The Women’s Center has been a bright spot in her time at Emory, says Jan Gleason (left), associate vice president of public affairs and a longtime member of the board of directors, who shared insights about her life and career during the popular “Telling Our Stories” program last fall. Afterward, she says, several listeners contacted her to thank her for inspiring them.

“It’s just a great way for women across campus to connect with each other,” Gleason says. “It’s not like we are all radical feminists or anything, it’s about building relationships, and I’ve gotten to know so many faculty and students and people I would not otherwise have met working on center projects.”

And that, says Crown, is what the Women’s Center is all about.

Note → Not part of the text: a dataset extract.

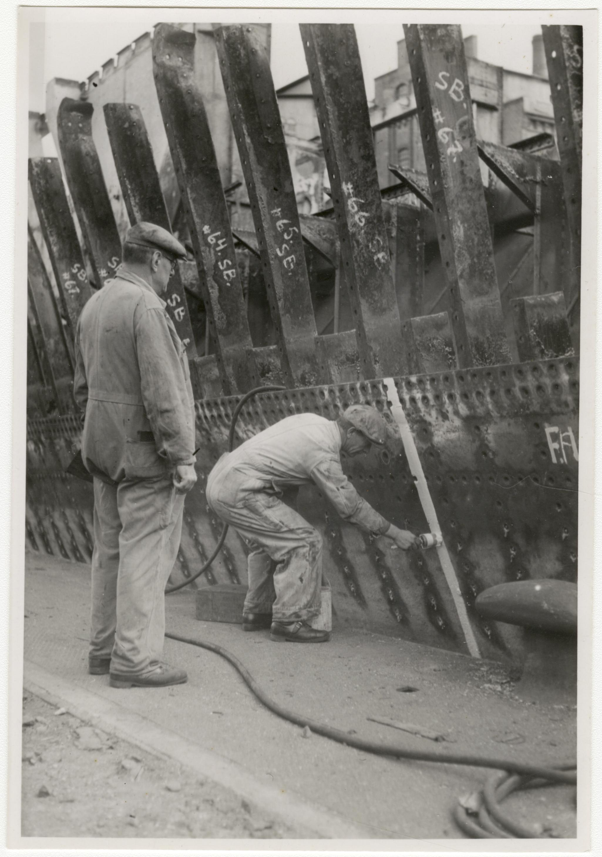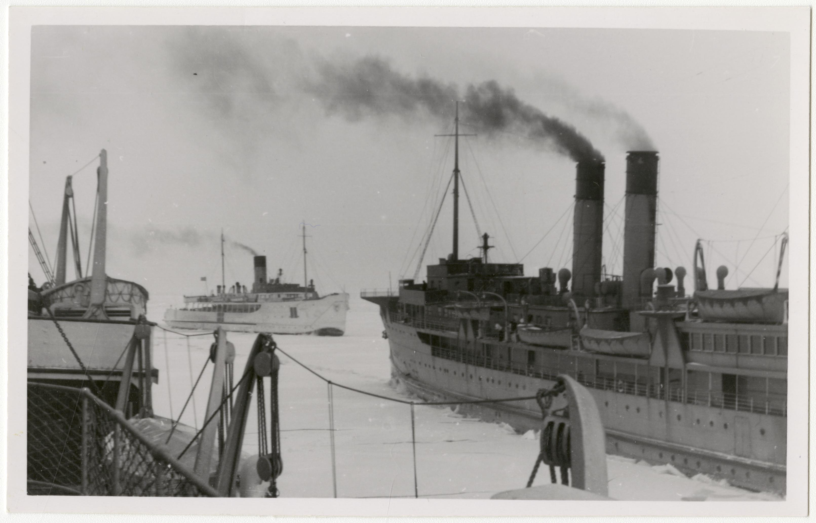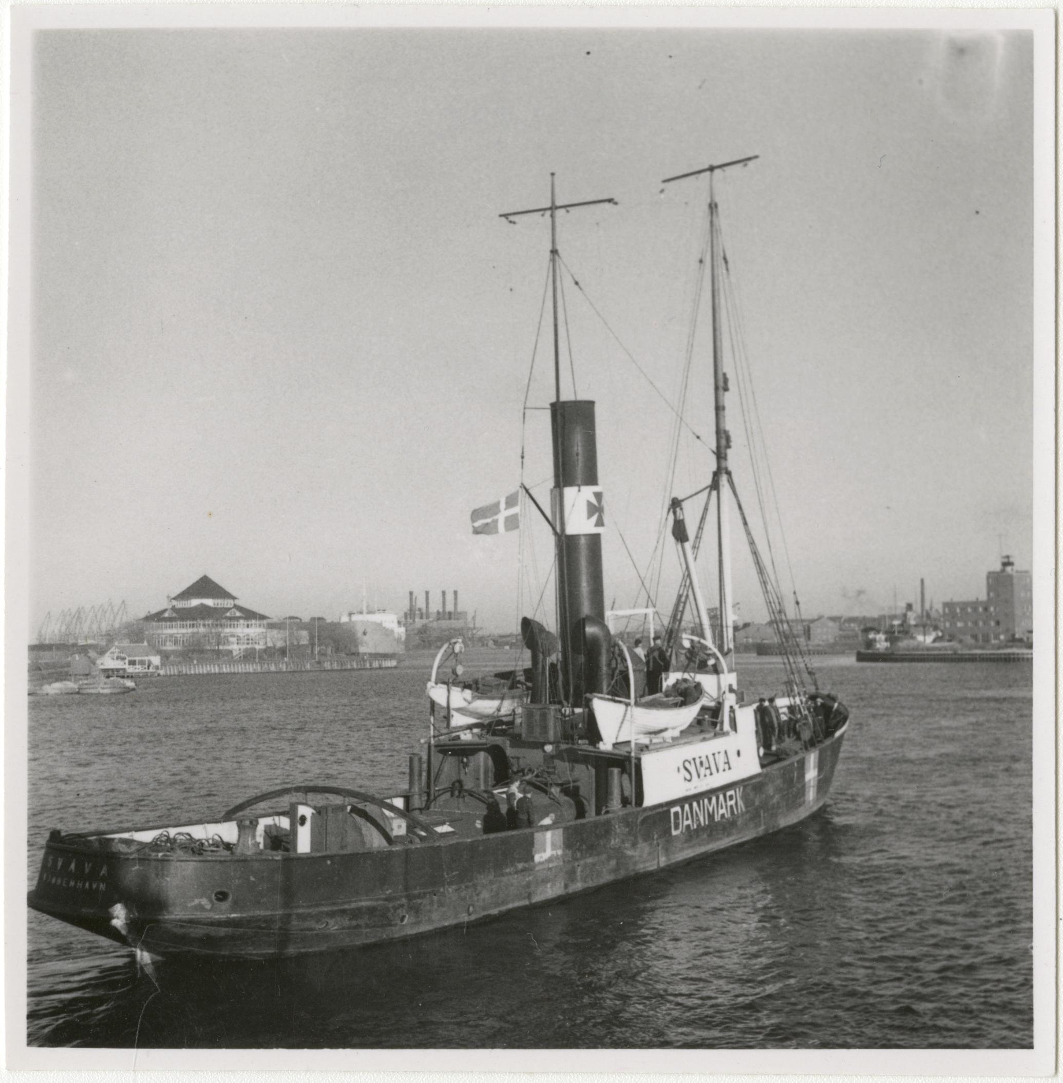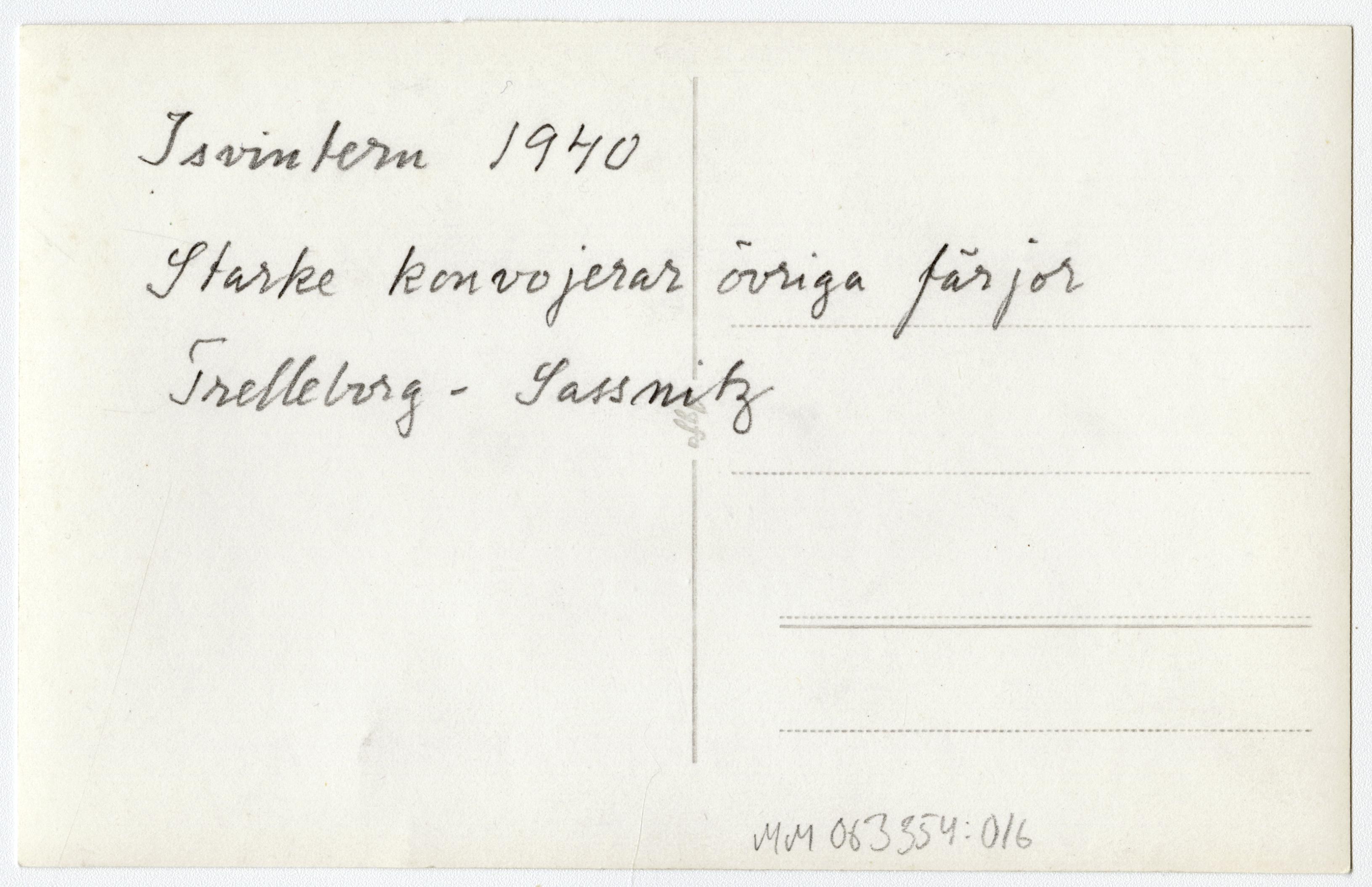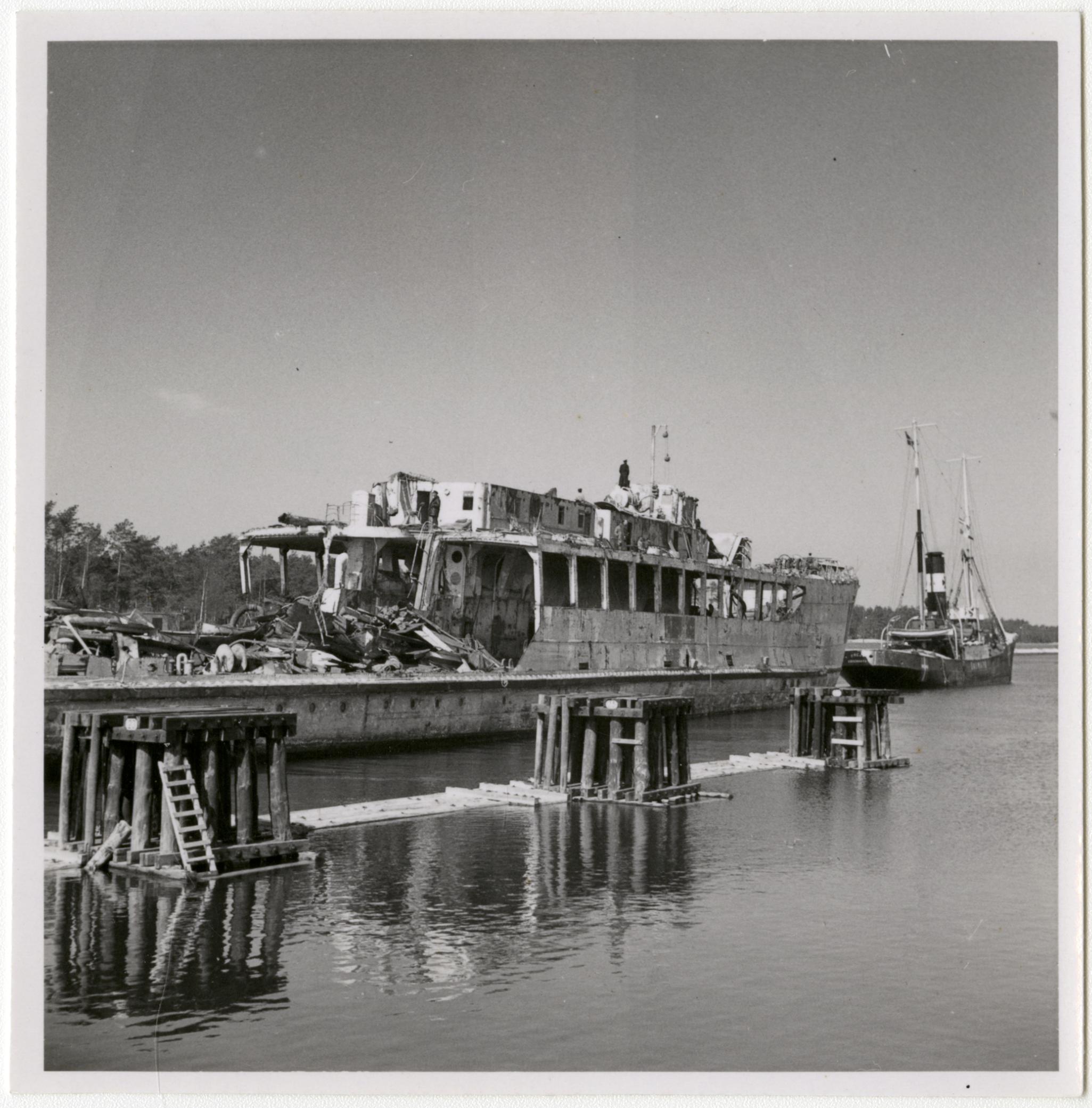 Fotografier, 14, föreställande tågfärjan Starke, dess bärgning och förlängning år 1943.

“The academy is historically a male institution, and it takes a lot to change a culture,” she says. “Women can feel isolated. It is so important for them to connect, to be recognized and for their voices to be heard. And no single group at Emory is any more important than another. We probably have the largest group of people with diverse needs to serve of any resource on this campus, and that’s a challenge. You just have to try to bridge as many of the gaps as you can.”

Crown is winding down a typical October afternoon in the trailer: the Indigo Girls on the stereo, counseling going on in the Nursing Nest, a graduate student thumbing through books in the library, and plans on the computer screen for the center’s tenth anniversary gala. The phone rings, and Crown’s face lights up as she takes a moment to catch up with a former student who just called to say hello. The Women’s Center may consist of two women in a trailer that could be rolled away tomorrow, but for those at Emory who have come to rely on it, it would leave an indelible imprint behind.